--- START ---

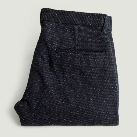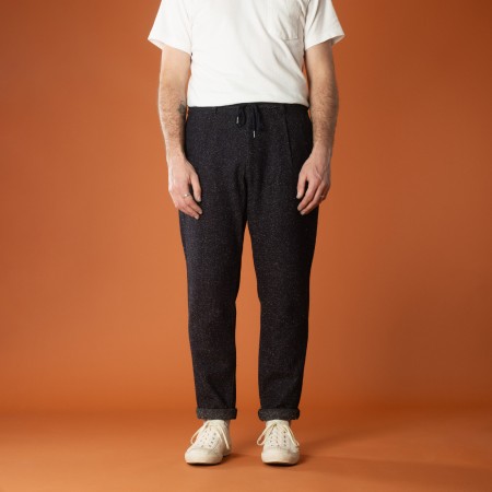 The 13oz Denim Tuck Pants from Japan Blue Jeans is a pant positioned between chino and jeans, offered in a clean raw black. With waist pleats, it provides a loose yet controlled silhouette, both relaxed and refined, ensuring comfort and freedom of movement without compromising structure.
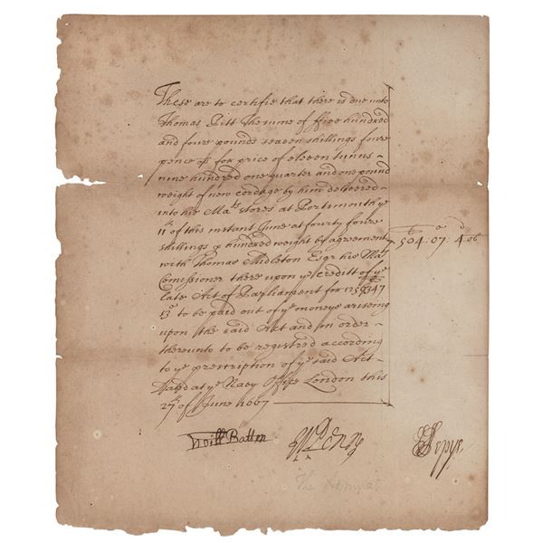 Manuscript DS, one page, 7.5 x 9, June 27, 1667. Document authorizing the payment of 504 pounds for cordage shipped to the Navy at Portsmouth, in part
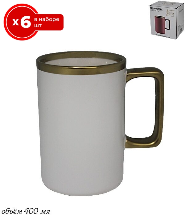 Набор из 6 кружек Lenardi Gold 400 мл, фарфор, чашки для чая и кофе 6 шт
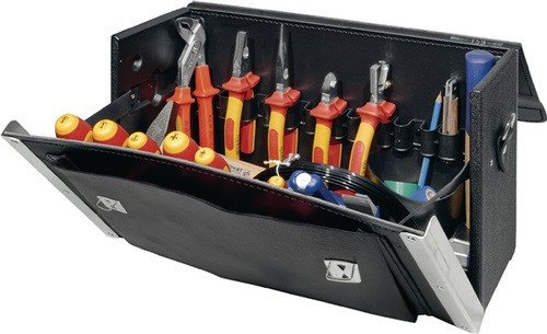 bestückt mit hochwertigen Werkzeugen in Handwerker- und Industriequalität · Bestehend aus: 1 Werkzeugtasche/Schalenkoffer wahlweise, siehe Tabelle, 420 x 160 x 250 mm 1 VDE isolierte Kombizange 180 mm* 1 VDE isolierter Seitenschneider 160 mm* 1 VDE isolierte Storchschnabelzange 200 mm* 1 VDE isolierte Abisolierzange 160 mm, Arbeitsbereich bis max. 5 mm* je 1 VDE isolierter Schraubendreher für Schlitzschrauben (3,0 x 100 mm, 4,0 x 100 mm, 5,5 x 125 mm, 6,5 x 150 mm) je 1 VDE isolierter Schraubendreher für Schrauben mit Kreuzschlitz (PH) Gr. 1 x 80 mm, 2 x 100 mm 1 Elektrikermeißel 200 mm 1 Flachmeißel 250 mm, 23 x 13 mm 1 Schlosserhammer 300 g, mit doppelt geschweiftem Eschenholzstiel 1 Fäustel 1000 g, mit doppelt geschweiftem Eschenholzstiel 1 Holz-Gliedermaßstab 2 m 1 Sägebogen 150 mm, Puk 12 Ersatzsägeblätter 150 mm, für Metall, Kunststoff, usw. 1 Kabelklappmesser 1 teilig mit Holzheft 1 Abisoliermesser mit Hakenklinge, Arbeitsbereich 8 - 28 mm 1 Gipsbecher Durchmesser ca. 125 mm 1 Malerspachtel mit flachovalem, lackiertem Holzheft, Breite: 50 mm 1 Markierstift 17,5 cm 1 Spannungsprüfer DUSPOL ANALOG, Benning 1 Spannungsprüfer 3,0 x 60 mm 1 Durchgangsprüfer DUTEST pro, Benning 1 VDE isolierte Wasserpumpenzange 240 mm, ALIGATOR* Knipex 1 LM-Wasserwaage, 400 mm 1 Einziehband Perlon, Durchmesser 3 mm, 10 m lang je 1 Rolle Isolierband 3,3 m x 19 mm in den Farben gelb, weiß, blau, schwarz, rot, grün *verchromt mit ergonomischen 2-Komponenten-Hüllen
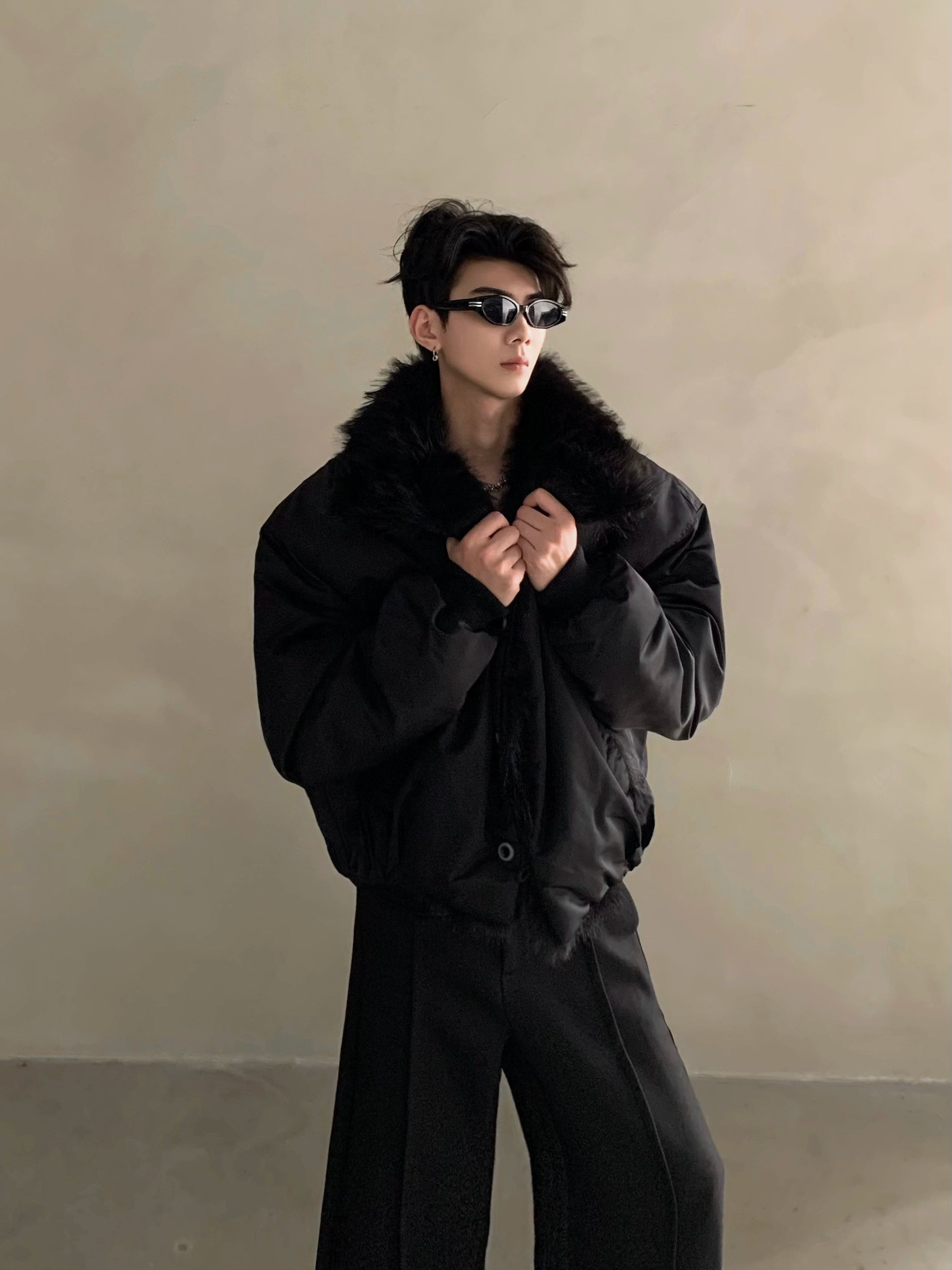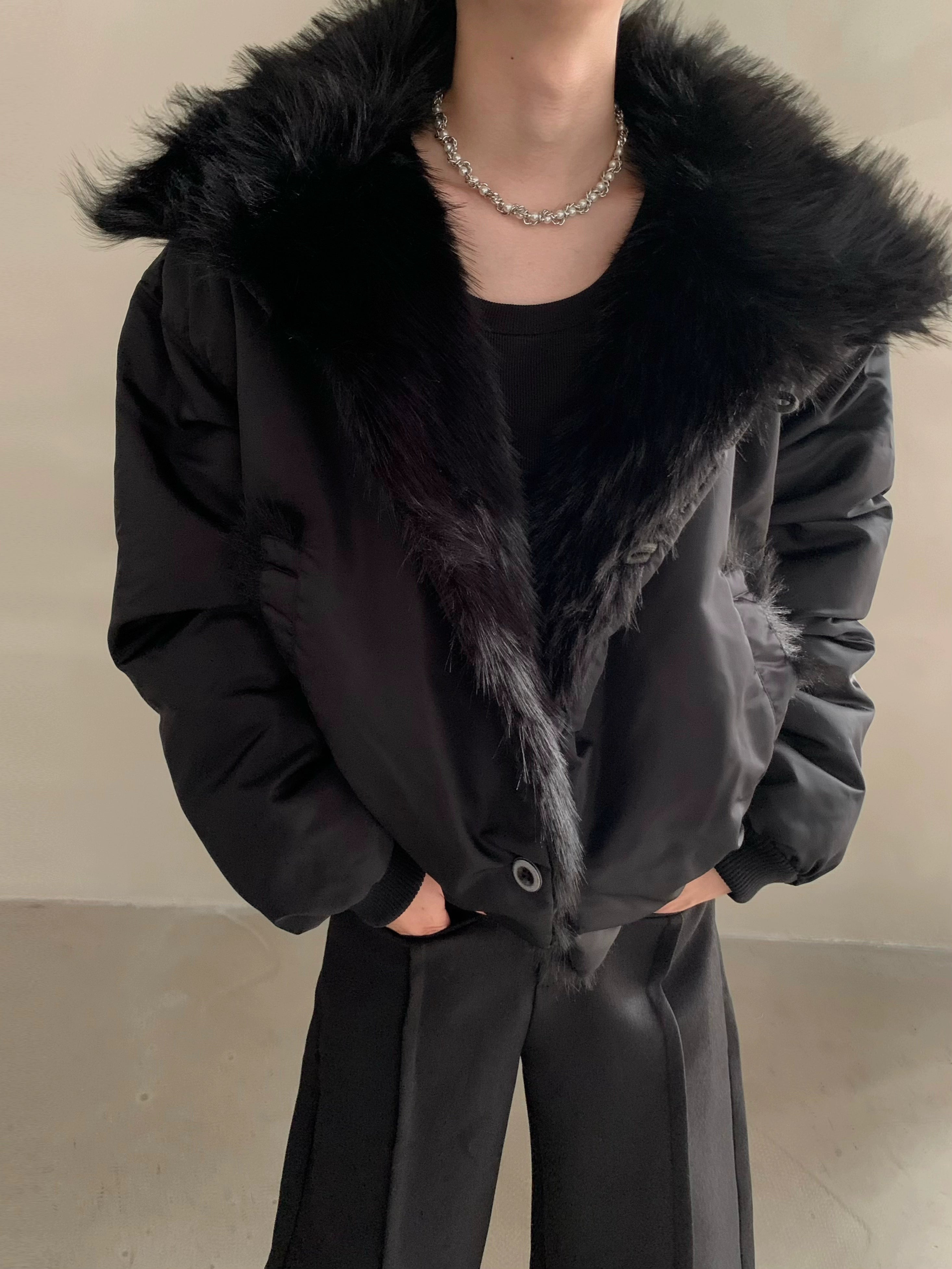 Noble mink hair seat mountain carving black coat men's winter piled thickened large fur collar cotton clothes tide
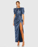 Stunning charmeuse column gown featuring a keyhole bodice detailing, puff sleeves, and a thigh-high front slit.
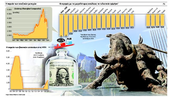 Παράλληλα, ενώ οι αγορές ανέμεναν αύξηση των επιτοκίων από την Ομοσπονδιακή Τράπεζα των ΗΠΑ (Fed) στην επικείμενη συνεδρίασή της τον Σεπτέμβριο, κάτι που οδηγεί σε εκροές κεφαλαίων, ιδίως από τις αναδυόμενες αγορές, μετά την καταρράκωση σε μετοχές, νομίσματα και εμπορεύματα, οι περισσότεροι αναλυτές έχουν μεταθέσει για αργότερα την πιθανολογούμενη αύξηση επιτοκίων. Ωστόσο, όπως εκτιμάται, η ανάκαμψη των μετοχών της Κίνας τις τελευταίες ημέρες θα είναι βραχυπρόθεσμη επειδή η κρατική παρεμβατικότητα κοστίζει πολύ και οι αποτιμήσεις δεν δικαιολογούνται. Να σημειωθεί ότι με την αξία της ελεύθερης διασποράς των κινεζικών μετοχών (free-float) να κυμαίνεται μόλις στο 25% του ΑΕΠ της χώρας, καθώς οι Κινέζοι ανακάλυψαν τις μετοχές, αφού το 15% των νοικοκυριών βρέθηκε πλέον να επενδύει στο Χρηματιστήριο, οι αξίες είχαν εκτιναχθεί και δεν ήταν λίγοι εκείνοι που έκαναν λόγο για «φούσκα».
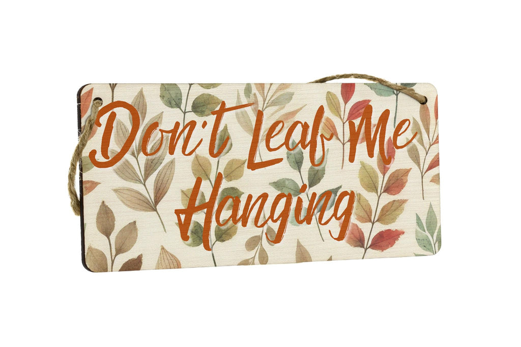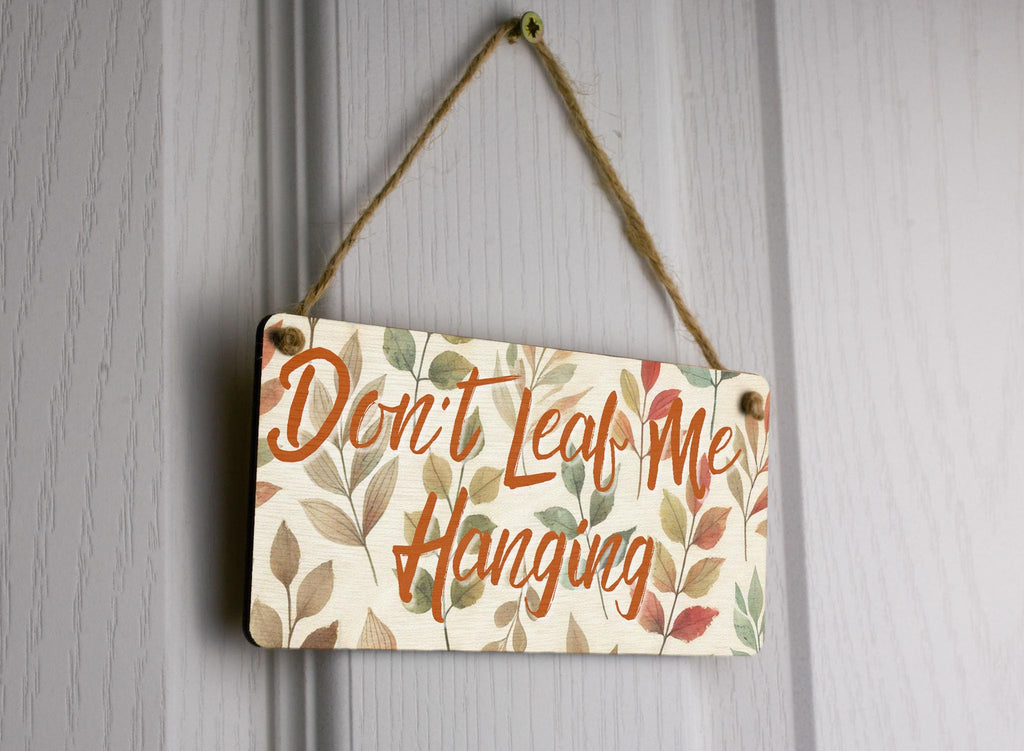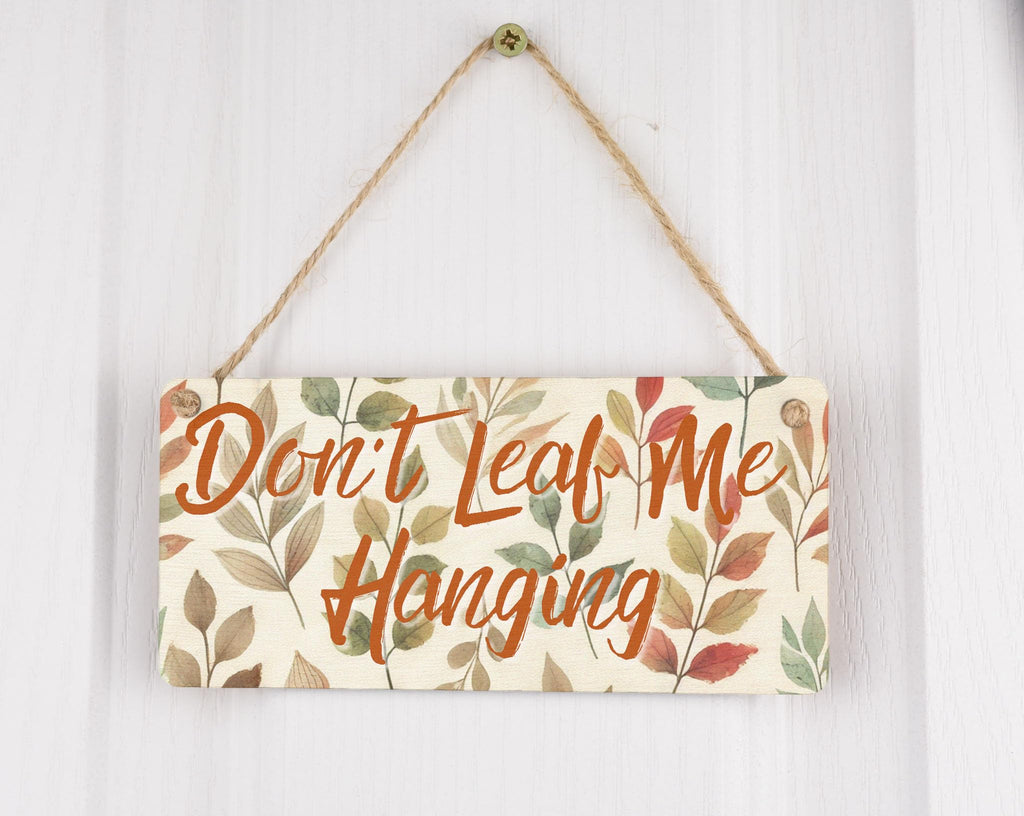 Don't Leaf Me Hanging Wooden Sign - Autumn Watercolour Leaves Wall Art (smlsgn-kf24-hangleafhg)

--- END ---

- _About this task_
The answer must be the full listing, restated word for word, with no pictures in it.

- _Response box_
 The 13oz Denim Tuck Pants from Japan Blue Jeans is a pant positioned between chino and jeans, offered in a clean raw black. With waist pleats, it provides a loose yet controlled silhouette, both relaxed and refined, ensuring comfort and freedom of movement without compromising structure.
 Manuscript DS, one page, 7.5 x 9, June 27, 1667. Document authorizing the payment of 504 pounds for cordage shipped to the Navy at Portsmouth, in part
 Набор из 6 кружек Lenardi Gold 400 мл, фарфор, чашки для чая и кофе 6 шт
 bestückt mit hochwertigen Werkzeugen in Handwerker- und Industriequalität · Bestehend aus: 1 Werkzeugtasche/Schalenkoffer wahlweise, siehe Tabelle, 420 x 160 x 250 mm 1 VDE isolierte Kombizange 180 mm* 1 VDE isolierter Seitenschneider 160 mm* 1 VDE isolierte Storchschnabelzange 200 mm* 1 VDE isolierte Abisolierzange 160 mm, Arbeitsbereich bis max. 5 mm* je 1 VDE isolierter Schraubendreher für Schlitzschrauben (3,0 x 100 mm, 4,0 x 100 mm, 5,5 x 125 mm, 6,5 x 150 mm) je 1 VDE isolierter Schraubendreher für Schrauben mit Kreuzschlitz (PH) Gr. 1 x 80 mm, 2 x 100 mm 1 Elektrikermeißel 200 mm 1 Flachmeißel 250 mm, 23 x 13 mm 1 Schlosserhammer 300 g, mit doppelt geschweiftem Eschenholzstiel 1 Fäustel 1000 g, mit doppelt geschweiftem Eschenholzstiel 1 Holz-Gliedermaßstab 2 m 1 Sägebogen 150 mm, Puk 12 Ersatzsägeblätter 150 mm, für Metall, Kunststoff, usw. 1 Kabelklappmesser 1 teilig mit Holzheft 1 Abisoliermesser mit Hakenklinge, Arbeitsbereich 8 - 28 mm 1 Gipsbecher Durchmesser ca. 125 mm 1 Malerspachtel mit flachovalem, lackiertem Holzheft, Breite: 50 mm 1 Markierstift 17,5 cm 1 Spannungsprüfer DUSPOL ANALOG, Benning 1 Spannungsprüfer 3,0 x 60 mm 1 Durchgangsprüfer DUTEST pro, Benning 1 VDE isolierte Wasserpumpenzange 240 mm, ALIGATOR* Knipex 1 LM-Wasserwaage, 400 mm 1 Einziehband Perlon, Durchmesser 3 mm, 10 m lang je 1 Rolle Isolierband 3,3 m x 19 mm in den Farben gelb, weiß, blau, schwarz, rot, grün *verchromt mit ergonomischen 2-Komponenten-Hüllen
 Noble mink hair seat mountain carving black coat men's winter piled thickened large fur collar cotton clothes tide
 Stunning charmeuse column gown featuring a keyhole bodice detailing, puff sleeves, and a thigh-high front slit.
 Παράλληλα, ενώ οι αγορές ανέμεναν αύξηση των επιτοκίων από την Ομοσπονδιακή Τράπεζα των ΗΠΑ (Fed) στην επικείμενη συνεδρίασή της τον Σεπτέμβριο, κάτι που οδηγεί σε εκροές κεφαλαίων, ιδίως από τις αναδυόμενες αγορές, μετά την καταρράκωση σε μετοχές, νομίσματα και εμπορεύματα, οι περισσότεροι αναλυτές έχουν μεταθέσει για αργότερα την πιθανολογούμενη αύξηση επιτοκίων. Ωστόσο, όπως εκτιμάται, η ανάκαμψη των μετοχών της Κίνας τις τελευταίες ημέρες θα είναι βραχυπρόθεσμη επειδή η κρατική παρεμβατικότητα κοστίζει πολύ και οι αποτιμήσεις δεν δικαιολογούνται. Να σημειωθεί ότι με την αξία της ελεύθερης διασποράς των κινεζικών μετοχών (free-float) να κυμαίνεται μόλις στο 25% του ΑΕΠ της χώρας, καθώς οι Κινέζοι ανακάλυψαν τις μετοχές, αφού το 15% των νοικοκυριών βρέθηκε πλέον να επενδύει στο Χρηματιστήριο, οι αξίες είχαν εκτιναχθεί και δεν ήταν λίγοι εκείνοι που έκαναν λόγο για «φούσκα».
 Don't Leaf Me Hanging Wooden Sign - Autumn Watercolour Leaves Wall Art (smlsgn-kf24-hangleafhg)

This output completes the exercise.